With all that stress and excitement, I forgot about my monthly column for United Caprine News... until the day of the deadline. I managed to write it and send photos taken quickly that day. I almost never have photos of goats in this blog because all the photos I take are for The Kidding Pen column. So here's one I sent for this month's story on feeding windfall apples to the goats. Better goats than bears. The goats with their heads tilted back are chewing on apples with their back molars.

Between spreading barkdust that Johnny needed out of the trailer by the time he returned and taking care of Mr. Smith, I finished up my Black Oystercatcher monitoring for the season by going to the Road's End beach... and finding adults with no fledglings. However this pair is notorious for disregarding researchers' stongly held belief that fledglings stay with their parents until the next breeding season. This pair has been seen chasing the kids away when they've only recently fledged. Tough love, I guess.

It was nice to be back at the beautiful Oregon coast again, even with the disappointment of no fledglings.

The very next day I learned that friend Dawn's car had broken down and she had been unable to get back to her BLOY sites at Boiler Bay to see if her last pair had fledged their two chicks or not.

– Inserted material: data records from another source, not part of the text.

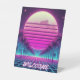 retro, 80s neon moon/palms pedestal sign
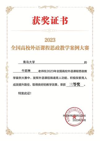 近日,2023年全国高校外语课程思政教学案例大赛公布获奖名单。今年会英语系牛聪琳老师荣获三等奖。
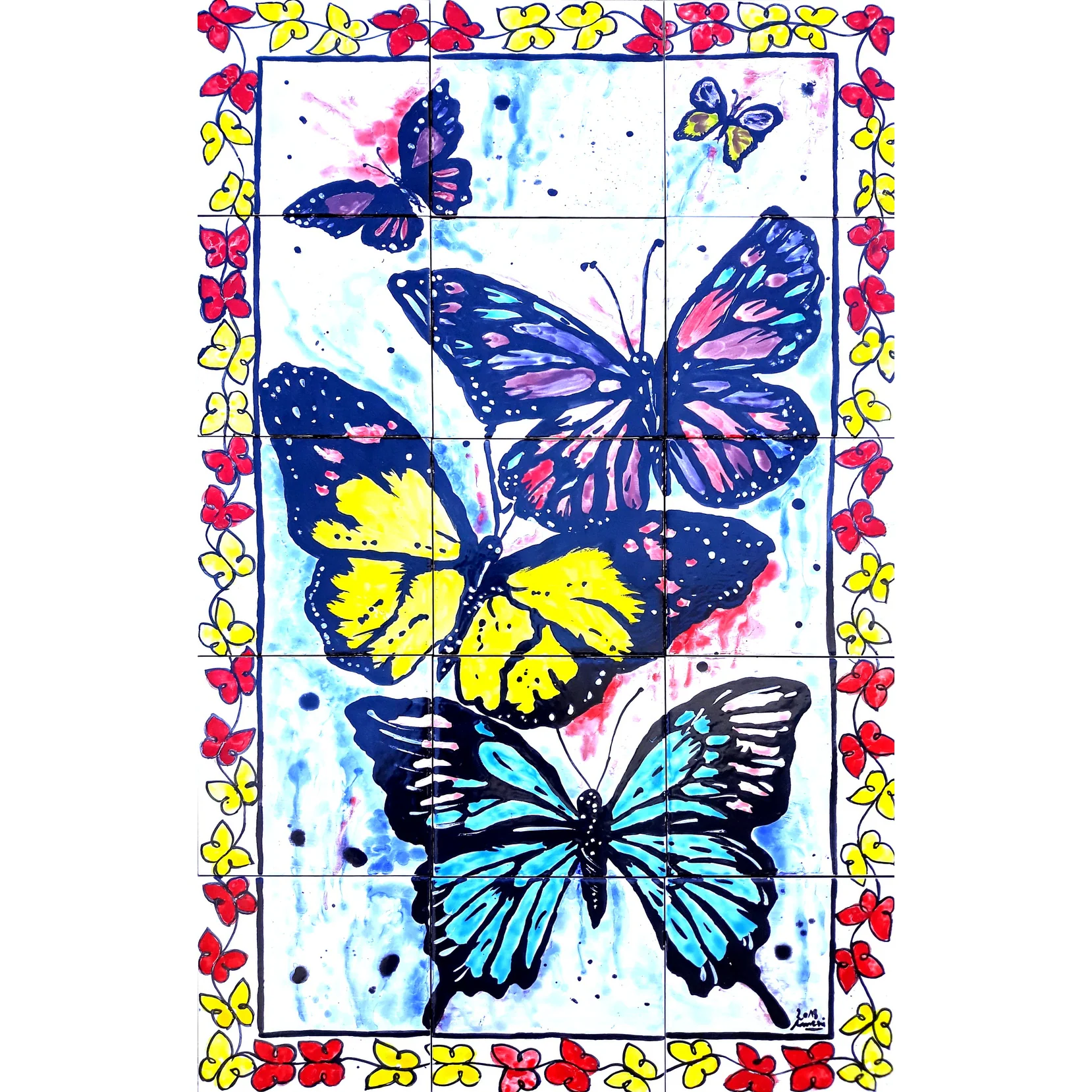 18in x 30in Butterfly Motif 15pc Mosaic Tile Ceramic Wall Mural
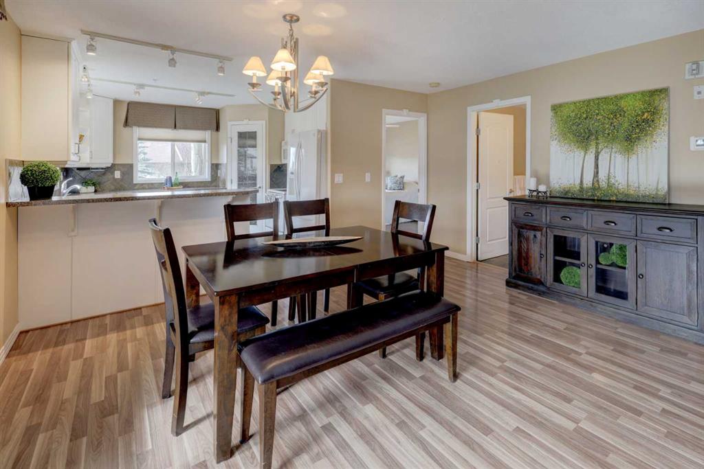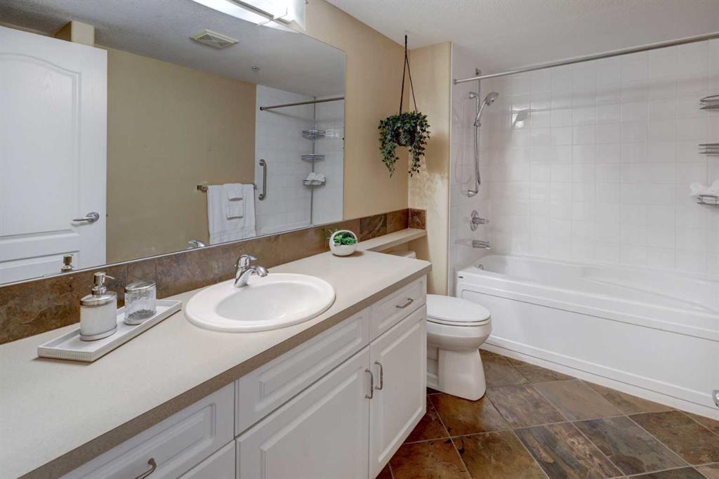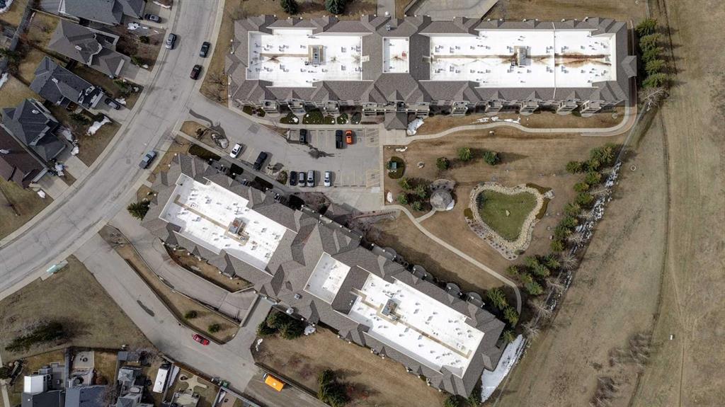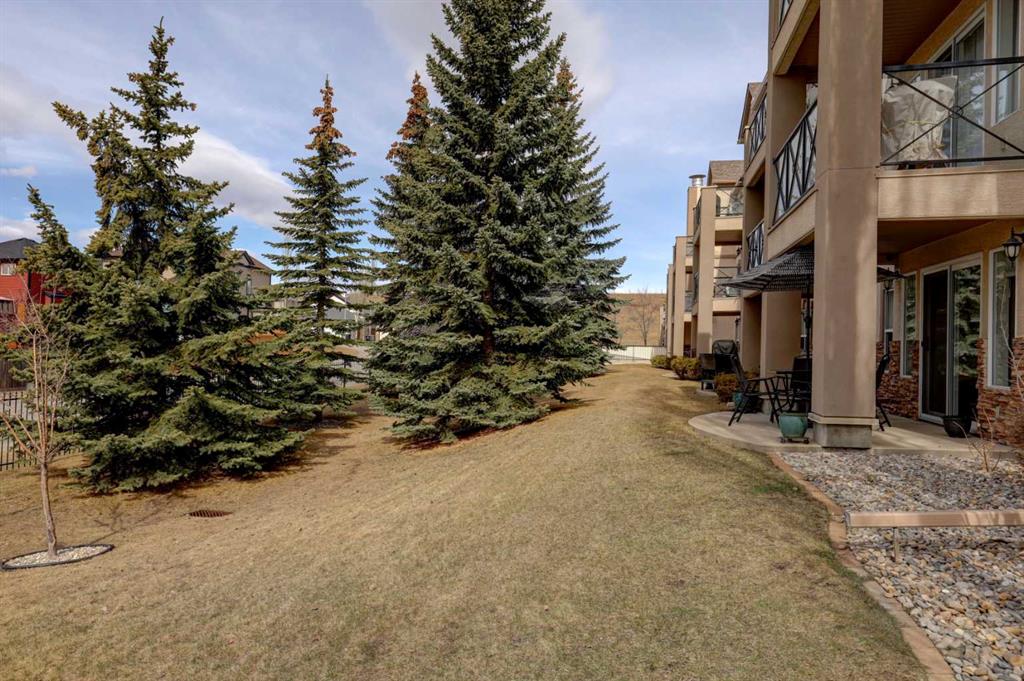 Let the sun shine in and lift your spirits!! You've found the home that is bathed in an abundance of natural light with this corner unit. An 18+ Adult complex, with this 2 bed/2 bath, main floor home featuring 2 patios. One patio enjoys street-side activity perfect for bar-b-quing , while the second patio provides a more peaceful experience overlooking the lush greenspace. You'll appreciate the convenience of a sidewalk off the driveway that leads directly to the patio doors of this unit as well. So many more advantages this unit offers to talk about...The open floor plan invites entertaining and conversation, with an ease for furniture placement due to no awkward baseboards to deal with. Two kitchen windows contribute to the light-filled experience, while one presents a lovely view of the mountains. The thoughtfully designed kitchen offers an excellent capacity for more than one cook at a time. With more than ample counter top, cupboard and pantry space for storage. The primary bedroom is sizeable enough for a king size suite and includes a well sized walk in closet and 4 pc. ensuite. The 3 pc. bath off the main area adds convenience for guests, as does the second bedroom - also with a view of the mountains! In-suite laundry, a titled underground parking stall and an assigned 9'X5' storage locker in front of the parking stall round off the added value you'll find here. Now for the very well managed complex...a games/community room with library, pool table and comfy meet-up area are located in bldg. 2. While bldg. 1 hosts a fitness room with sauna/change room & shower. A car wash bay is steps away from the parking stall. The landscaped courtyard showcases a charming gazebo and lovely pond to enjoy. Easy access with a short drive to a multitude of shopping options, restaurants, professional services, the beautiful lake you'll have priviledges to, the LRT system, Crowchild & Stoney Trails...Need I say more?! You truly need to start your car and view this unit...
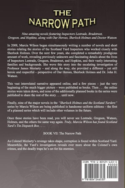 Nine amazing novels featuring Inspectors Lestrade, Bradstreet, Gregson, and Hopkins, along with Our Heroes, Sherlock Holmes and Doctor Watson In 2008, Marcia Wilson began simultaneously writing a number of novels and short stories relating the stories of the Scotland Yard Inspectors who worked closely with Sherlock Holmes. Over the next few years, she completed a remarkably prodigious amount of work, revealing previously unknown and fascinating details about the lives of Inspectors Lestrade, Gregson, Bradstreet, and Hopkins, and their vastly interesting families and backgrounds. She wove this story into the escalating investigation of Professor James Moriarty - and along the way, she provided a different - yet still heroic and respectful - perspective of Our Heroes, Sherlock Holmes and Dr. John H. Watson. This vast interrelated narrative appeared online, and a few pieces - just the very beginning of the much bigger picture - were published as books. Then . . . the online stories were taken down, and none of the additionally planned books in the series were published to share the rest of the story . . . until now. Finally, nine of the major novels in the "Sherlock Holmes and the Scotland Yarders" series by Marcia Wilson are being published in handsome uniform editions - the first of a planned series which will include other volumes in the future. Once these stories have been read, you will never see Lestrade, Gregson, Watson, Holmes, and the others the same way again. Truly, Marcia Wilson has found Scotland Yard's Tin Dispatch Box... BOOK VII: The Narrow Path As Colonel Moriarty's revenge takes shape, corruption is found within Scotland Yard. Meanwhile, the Yard's investigation reveals ever more about the Colonel's own crimes, and the deadly traps he's set for his enemies.
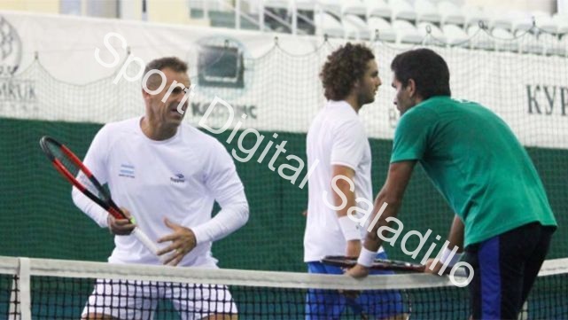 Los doblistas Máximo González y Andrés Molteni trabajaron junto al subcapitán Mariano Hood y el sparring Marco Trungelliti, bajo la atenta mirada de Daniel Orsanic , en las canchas auxiliares del National Tennis Centre de Astana, sede del repechaje en la capital kazaja.
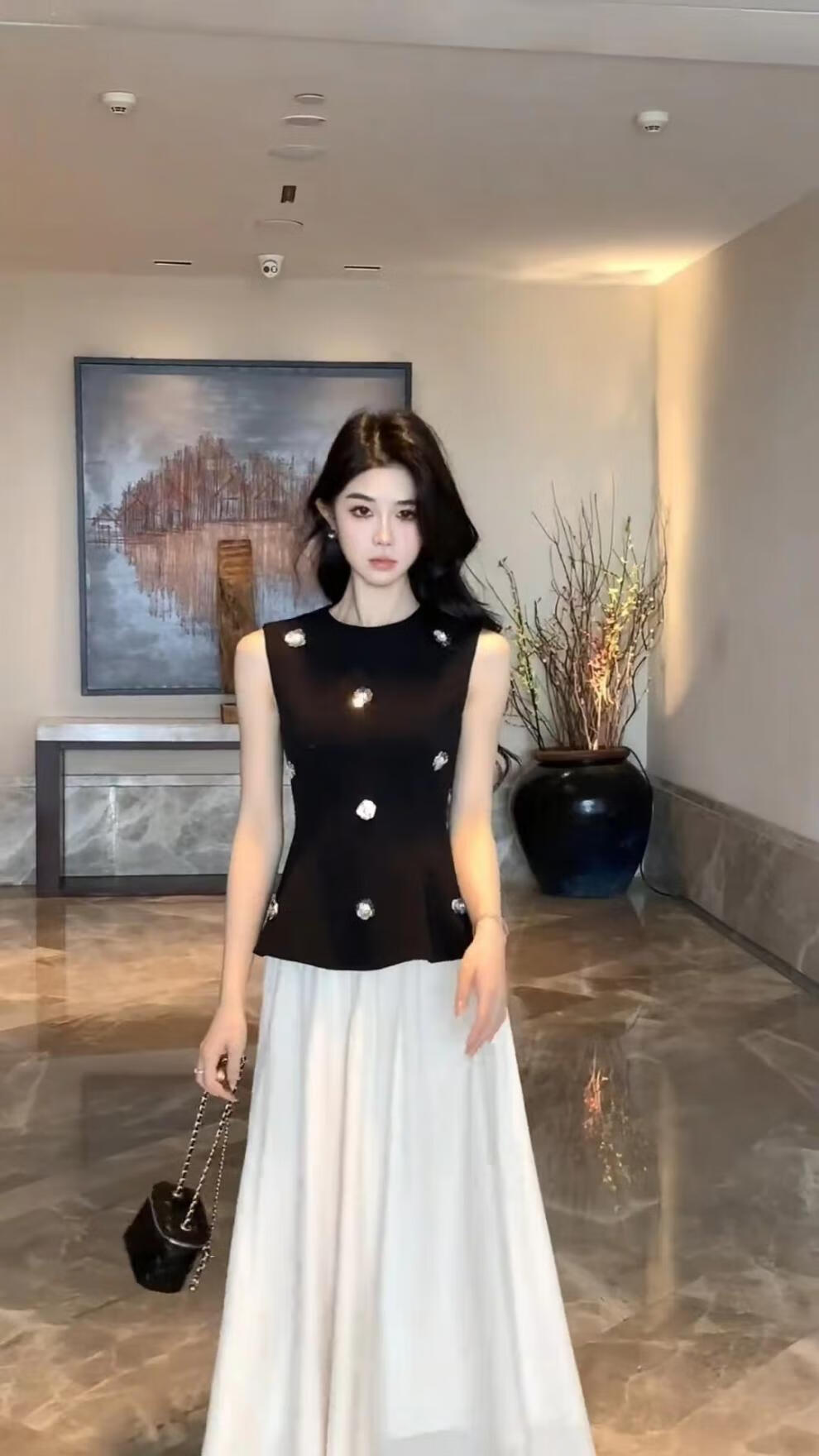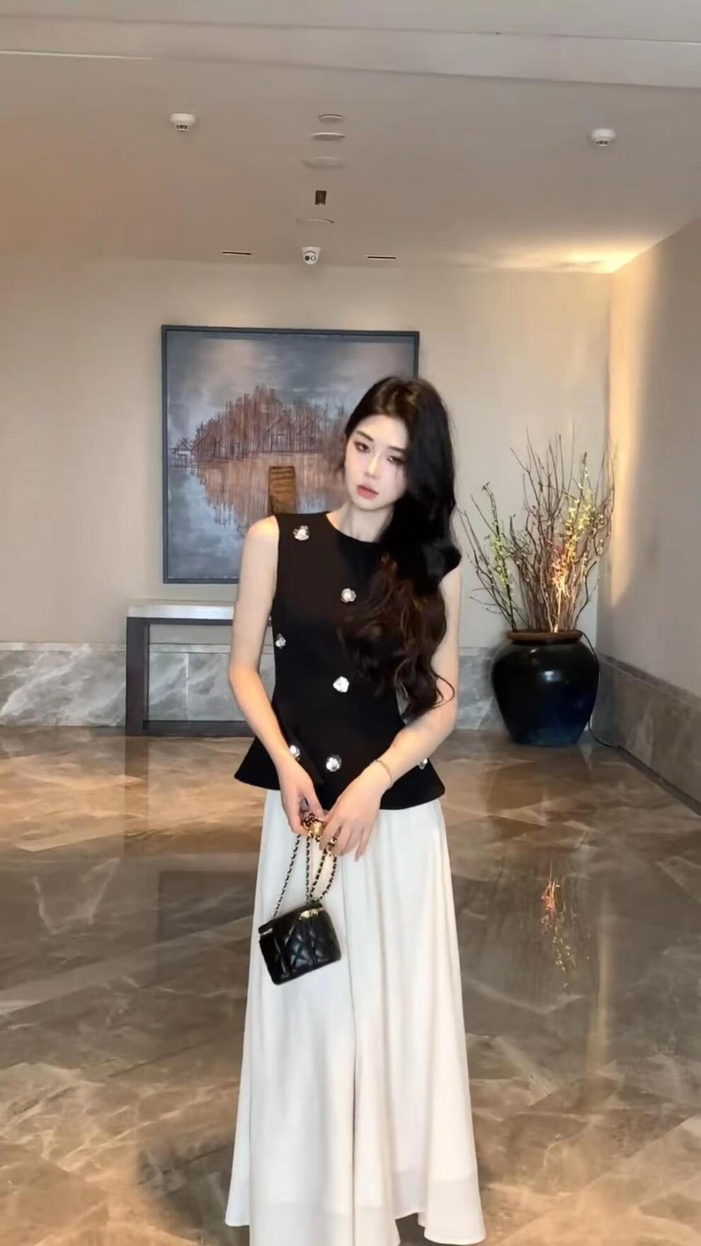 Yingtang Vest Slim Fit Waist Skirt Set Apricot Skirt S
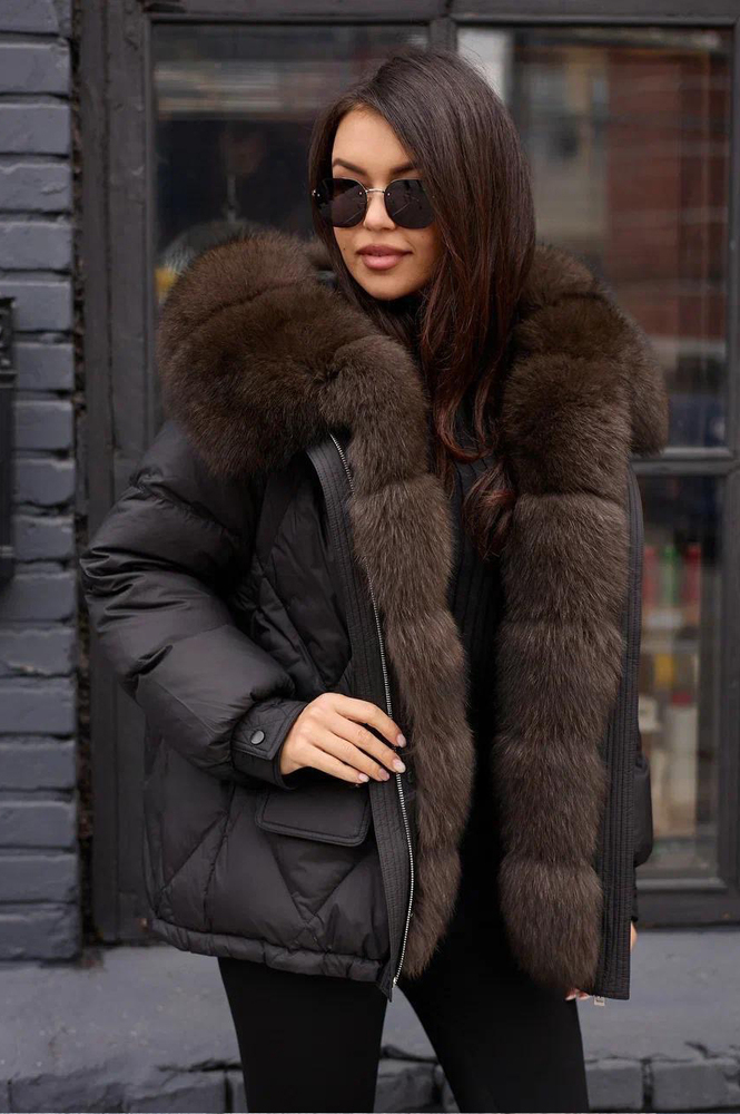 Объемный пуховик с мехом песца, выполненный в стиле оверсайз. Модель украшена стегкой в виде ромбов, которая придает ей стильный и современный вид. Внутри пуховика расположен мягкий мех песца для дополнительного тепла и уюта, а вдоль молнии идет мех песца, создавая эффектный акцент. Наполнитель из пуха и пера обеспечивает отличную теплоизоляцию, делая этот пуховик идеальным для холодных зимних дней.
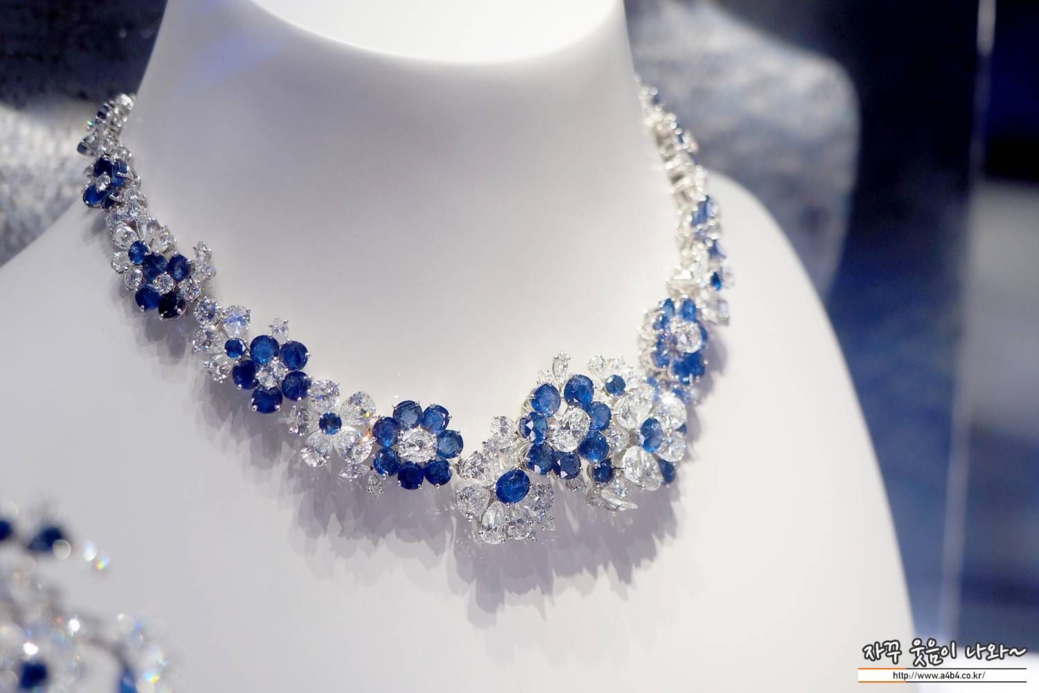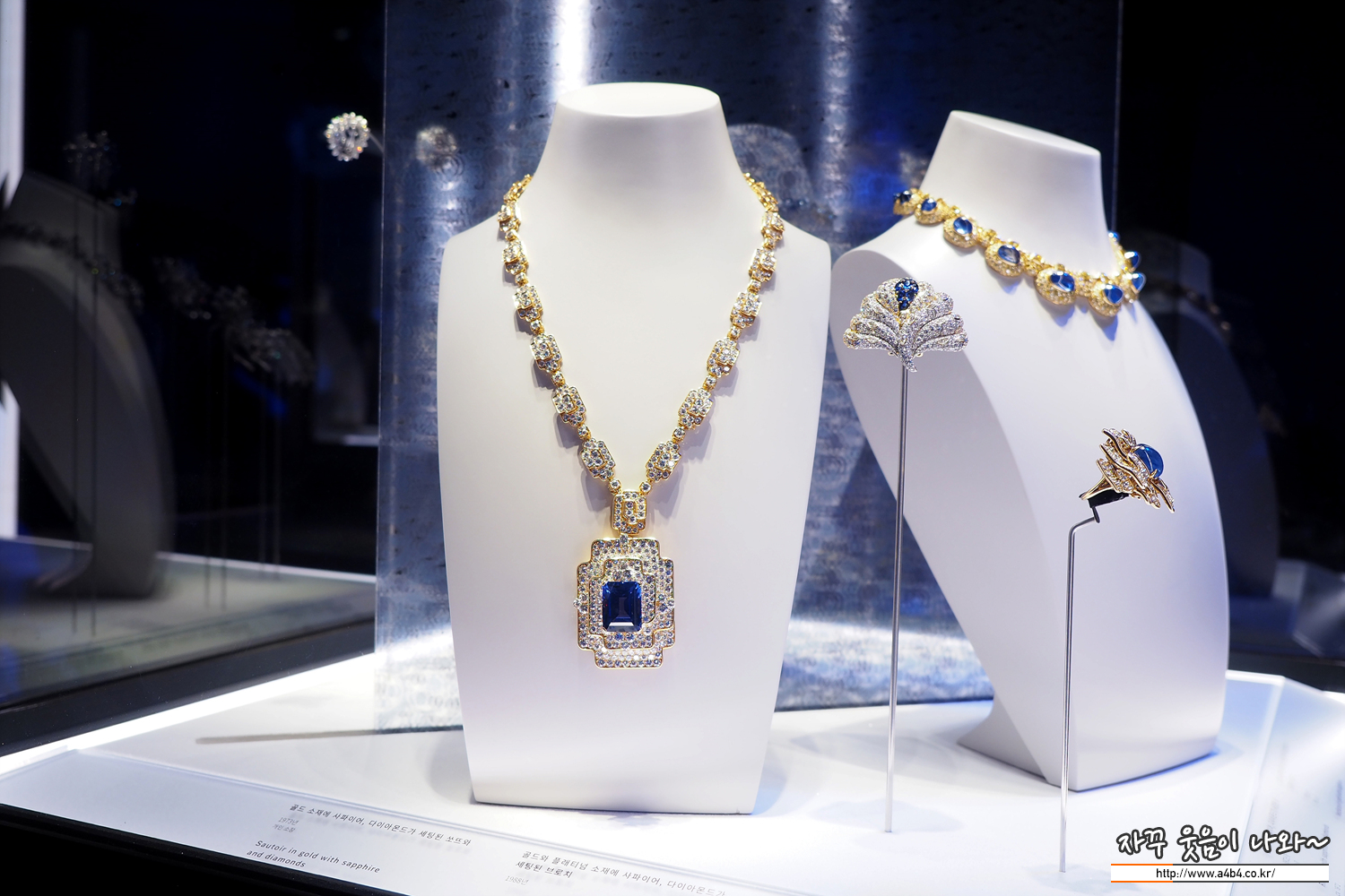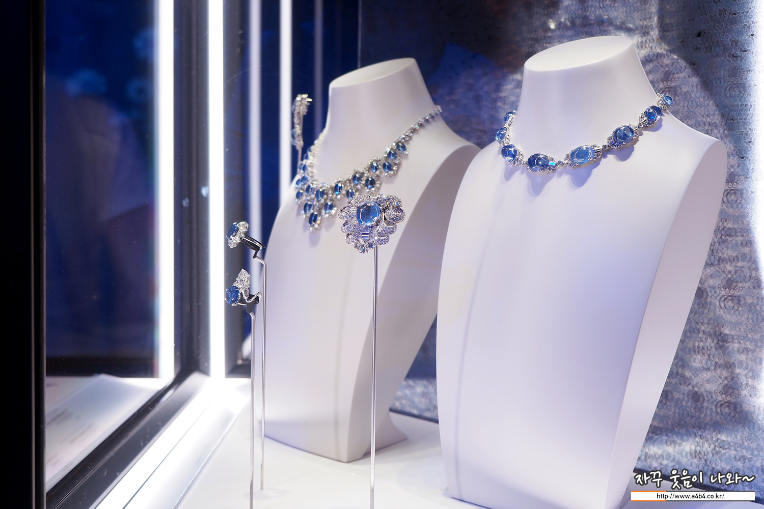 블루 사파이어와 다이아몬드, 플래티넘 소재의 작품들 루비가 열정이었다면, 이번 사파이어 블루는 깊고 시원한 느낌...

So I drove to the coast again to pick her up and go to Boiler Bay. (Any excuse in a pinch.) And we found the two fledglings! Here is one with the parent and another photo of just the juvenile. (Parent has a full red bill. Juvenile still has dark tip to bill.)

Black Oystercatcher monitoring season is now over for the year and so I'll be making fewer trips to the beautiful Oregon coast. Back on the farm, we have our own pretty water feature: Agency Creek. It is so low I can walk across it in places because the little rain we had disappeared quickly as the thermometer went up into the 90s again.

 But today it has cooled off and drizzled a little, so maybe we'll have a pond again someday. Johnny is doing his best to give the water a place to be in our weed-choked pond site. He has been digging it out with the backhoe on the tractor... and dumping into the trailer I emptied of bark dust. He then hauls the mess off and dumps it in a field to dry out.

Now that BLOY monitoring is over, the garden has taken over much of my time... watering from the rain barrels and the well, picking and freezing broccoli, keeping all the other veggies picked and taken care of. 
In all my gardening chores, our once-feral kitty keeps me constant company. She seems to think life is for playing as that's what she does all day long. When I water, she attacks the hose. If I'm looking at birds in a tree... she climbs the tree. She doesn't seem to be interested in the birds, just in having me look at her instead of something else.

When I watch the quail that come out to eat, Kitty sometimes makes a wild dash into their midst scattering them every direction, then lies down and rolls and looks at me as though to say, "Aren't I cute?"

Today the quail were giving their frantic warning cry and I knew it must be the young Cooper's Hawk that has been haunting our place lately. Sure enough, when I looked out the window, there it sat on the corner of one of the potato bins. Then it flew at a big white bird... our white chicken! She is forever flying out of the chicken yard and going walkabout. The chicken, bigger than the hawk, dove for cover and started clucking angrily and constantly. The hawk went back to sitting on the bin.

I came out and took photos, then walked toward the hawk until it flew off. Immediately the loudly exclaiming hen came out from the bushes and stalked off toward the chicken yard. I put her back inside. She can easily get out but always asks me to open the gate to let her back in.

Hawks are not the only predators on the prowl around here. Our trail cameras this summer have caught bobcats and a handsome coyote.

And yesterday when I changed camera cards, I came across this very large pile of bear dung by a pear tree near the swamp at the far south end of our property.

I now carry a flashlight with me at night when I walk through the apple orchard on the way to feed the horses their low-carb hay cubes. Although I try to keep the apples picked up and fed to the goats so as not to attract bears, the apples keep falling... and I do not want to run into the bear that produced that enormous pile of poop.